Dighe, viabilità interna, manutenzione di strade e tanta impiantistica idrica. Ecco le proposte calabresi da inserire nel Pnnr. Nicolai: «Priorità alla resilienza»

Pubblicato il: 05/03/2021 – 7:25
di Roberto De Santo
Il Recovery della Regione: dalle incompiute alle opere in cerca di risorse. E c’è anche il radar della vergogna

CATANZARO Eterne incompiute, opere che sarebbero dovute essere realizzate da tempo con risorse di altre programmazioni. E ancora interventi che potrebbero essere inseriti nelle Programmazioni nazionali o regionali così come misure ricomprese in altri meccanismi di finanziamento ma poi rimasti sospesi da tempo. Nell’elenco che la Regione ha inviato a novembre scorso alla Conferenza delle Regioni per predisporre una proposta unitaria da sottoporre al Governo per redigere il Piano nazionale di ripresa e resilienza (Pnrr) – poi varato senza recepirne alcuna di quelle proposte dall’esecutivo Conte II – c’è un po’ di tutto. Una lunga lista che comprende 104 progetti per un totale di circa 4,3 miliardi di euro.
In gran parte – per quanto attengono le risorse più rilevanti – ricompresi nella voce Infrastrutture. Interventi più coerenti ad una finalità di resilienza che ad una visione moderna della Next generation Eu.
Soprattutto si tratta di opere decisamente datate alcune già progettate da decenni, finanziate e poi rimaste nei cassetti o rimbalzate negli elenchi delle programmazioni che si sono succedute negli anni.

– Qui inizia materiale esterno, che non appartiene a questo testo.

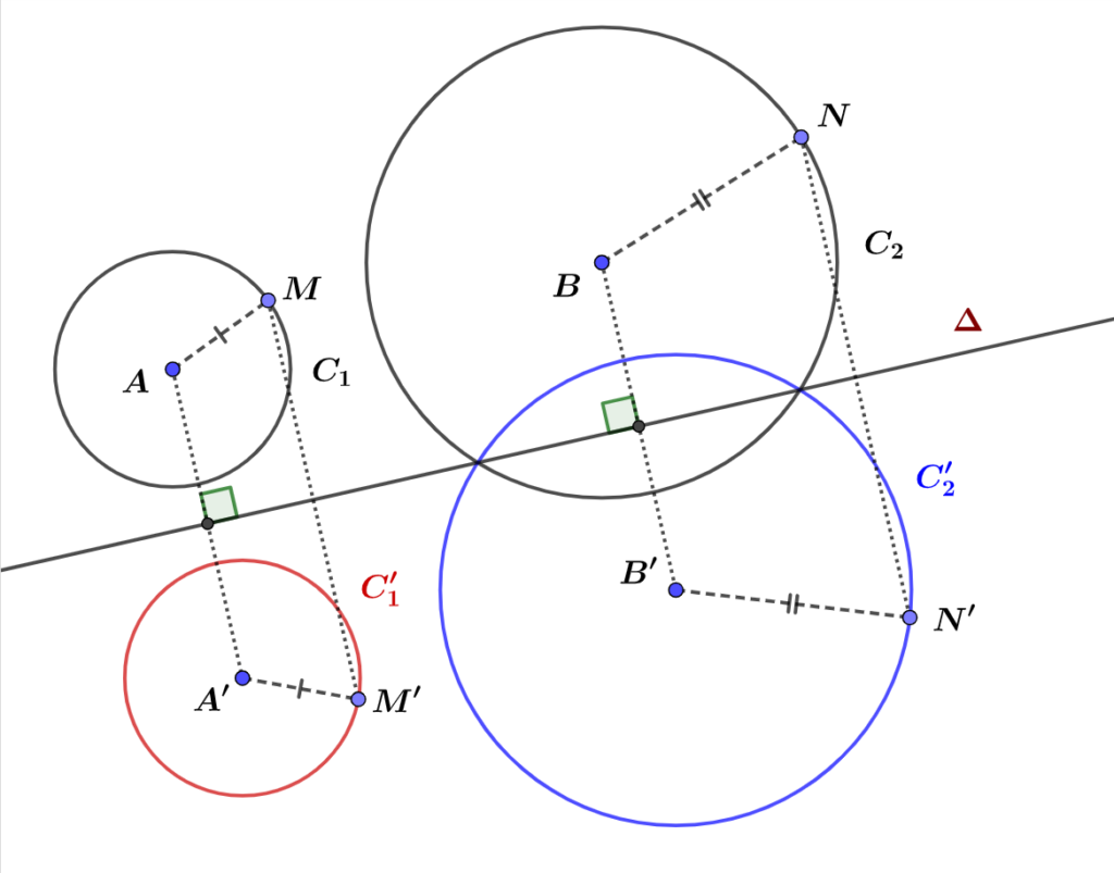 $(P_6)$. Le symétrique d’un cercle de centre $A$ et de rayon $r$ par rapport à une droite est un cercle de centre $A’$, symétrique de $A$ et de même rayon $r$.
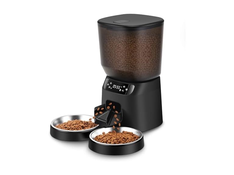 - Feed Two Cats: The automatic cat feeder is perfect for two pets. It features a unique meal divider that ensures an even distribution of food, preventing any potential conflicts between the two cats during mealtime, perfect for long weekends and short business trips, providing you with peace of mind for 2 happy and well-fed pets.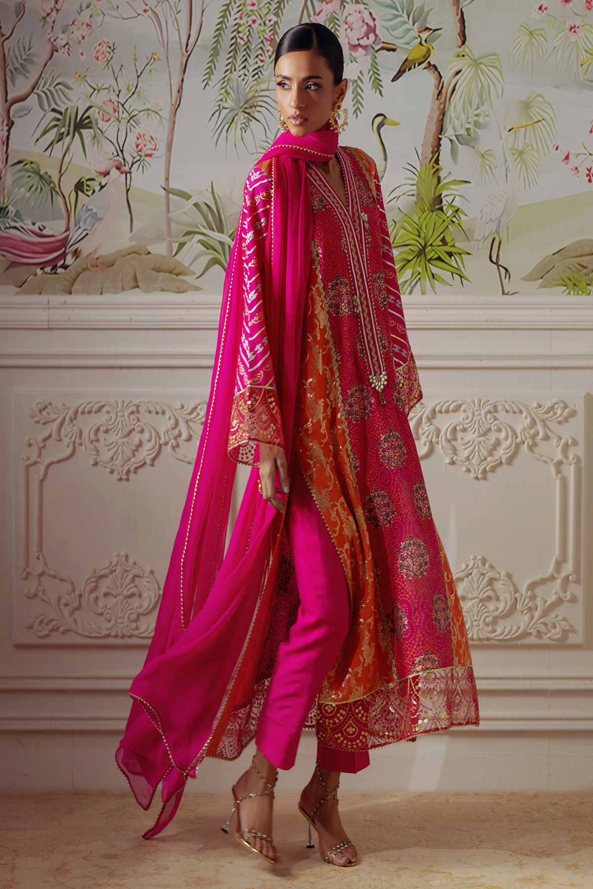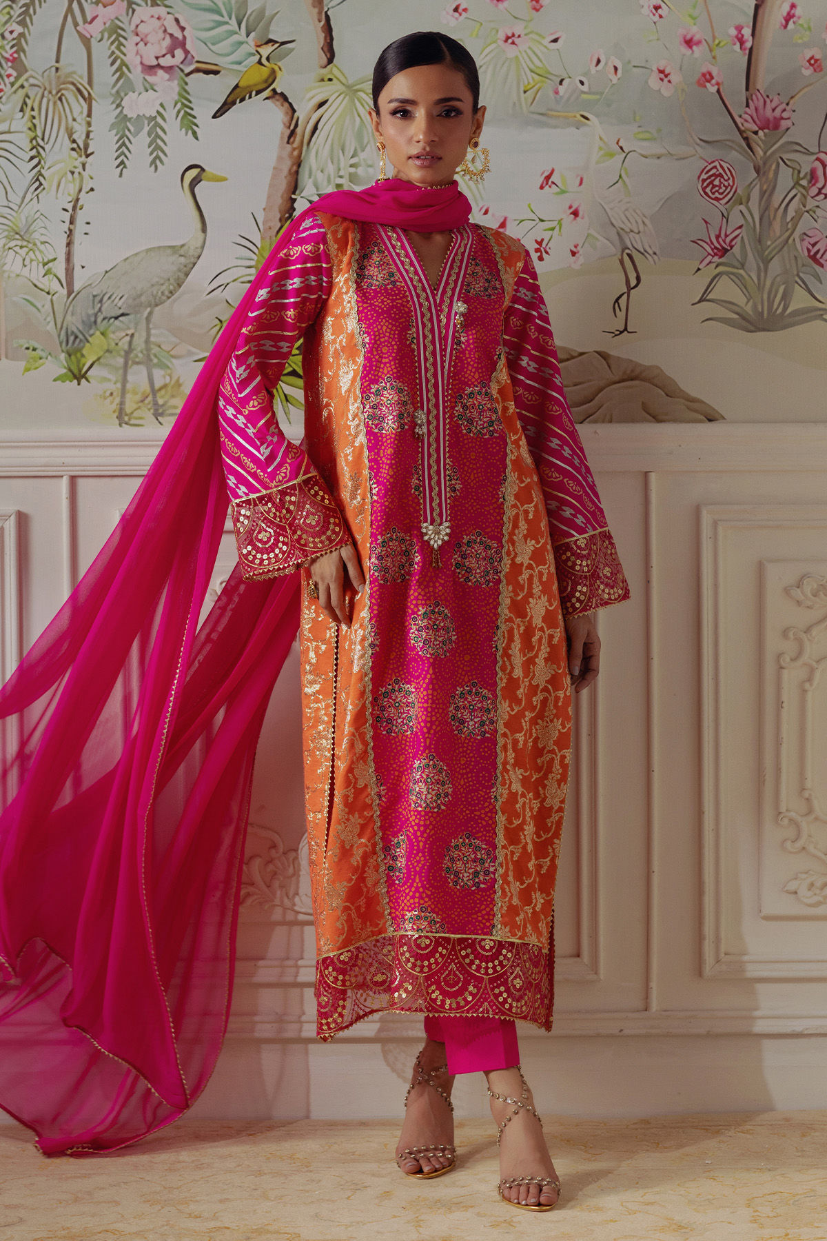 A long silhouette shirt in a rich fuchsia and tangerine hue, elegantly featuring shimmering Lorex panels and meticulously hand block printed details. The neckline is adorned with intricate gota manipulations. This ensemble is complemented by a matching chiffon dupatta and straight-cut pants, creating a harmonious and sophisticated look.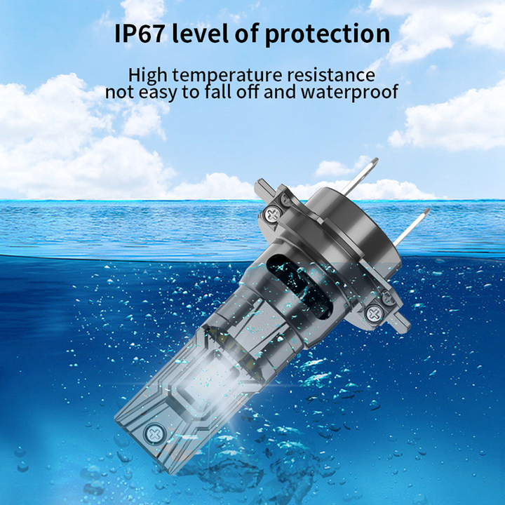 Prestazioni Resistenti a Tutte le Intemperie con Protezione IP67: Realizzate con un corpo in lega di alluminio di alta qualità e una protezione IP67, queste lampadine sono progettate per resistere ad alte temperature e garantire completa impermeabilità. La costruzione robusta assicura durata nel tempo, risparmio energetico e protezione ambientale in qualsiasi condizione di guida.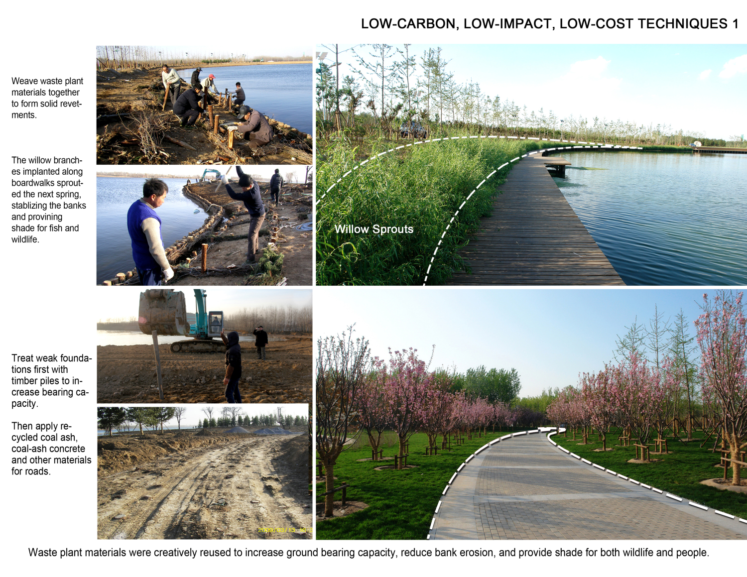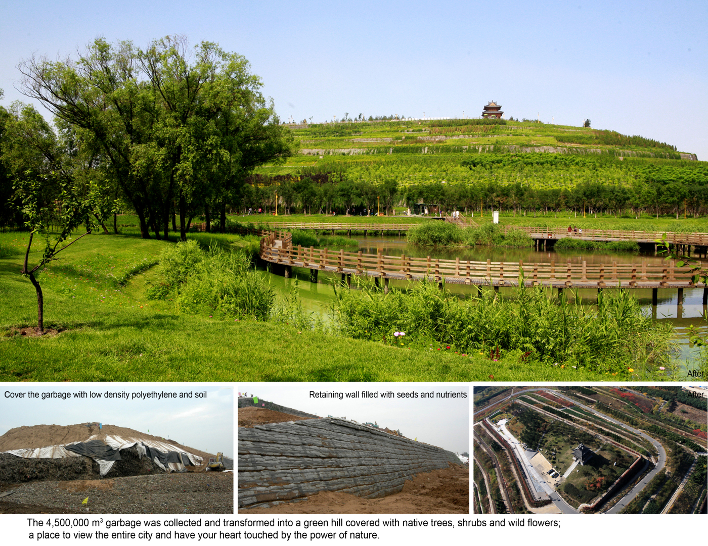 Additionally, a series of ecological techniques of "low carbon, low impact and low cost" have been performed regarding existing severe problems, such as rubbish hill, coal ash, soft foundation and water loss and soil erosion.

E poi si registrano alcune grandi assenze nel Piano della Regione: su tutte l’alta velocità ferroviaria “vera”, cioè quella invocata da esperti e docenti per collegare rapidamente la Calabria al resto d’Italia e nuove risorse per lo scalo di Gioia Tauro e la Zes. Così l’elenco inviato con schede annesse dalla Regione – dopo una rapida esposizione ad alcune rappresentanze delle associazioni di settore (come Ance e Confindustria) – sembra destinato più a raccogliere risorse per interventi di cui si sono perse le tracce piuttosto che ad immaginare una rivoluzione della Calabria che verrà: cioè quella Next generation pensata dagli ideologi di Bruxelles per risollevare le sorti dei territori dell’Unione. Proposte finite sul tavolo della Conferenza delle Regioni e poi confluite nel dossier unico che però il precedente Governo ha ampiamente snobbato. Visto che il vertice con l’ex premier Conte invocato a gran voce dalla Conferenza delle Regioni e delle Province autonome sulle linee guida per la definizione del Piano nazionale di ripresa e resilienza (Pnrr) alla fine non si è mai tenuto.
Ora si spera in Mario Draghi dopo che la presidente della Regione Umbria e coordinatrice della Commissione Affari europei della Conferenza delle Regioni, Donatella Tesei, ne ha invocato un incontro. Al momento così tutte le proposte, dunque anche quella calabrese, restano lettera morta. Si spera che l’incontro con il ministro per il Sud e la Coesione territoriale, Mara Carfagna, dell’altro giorno possa smuovere le acque.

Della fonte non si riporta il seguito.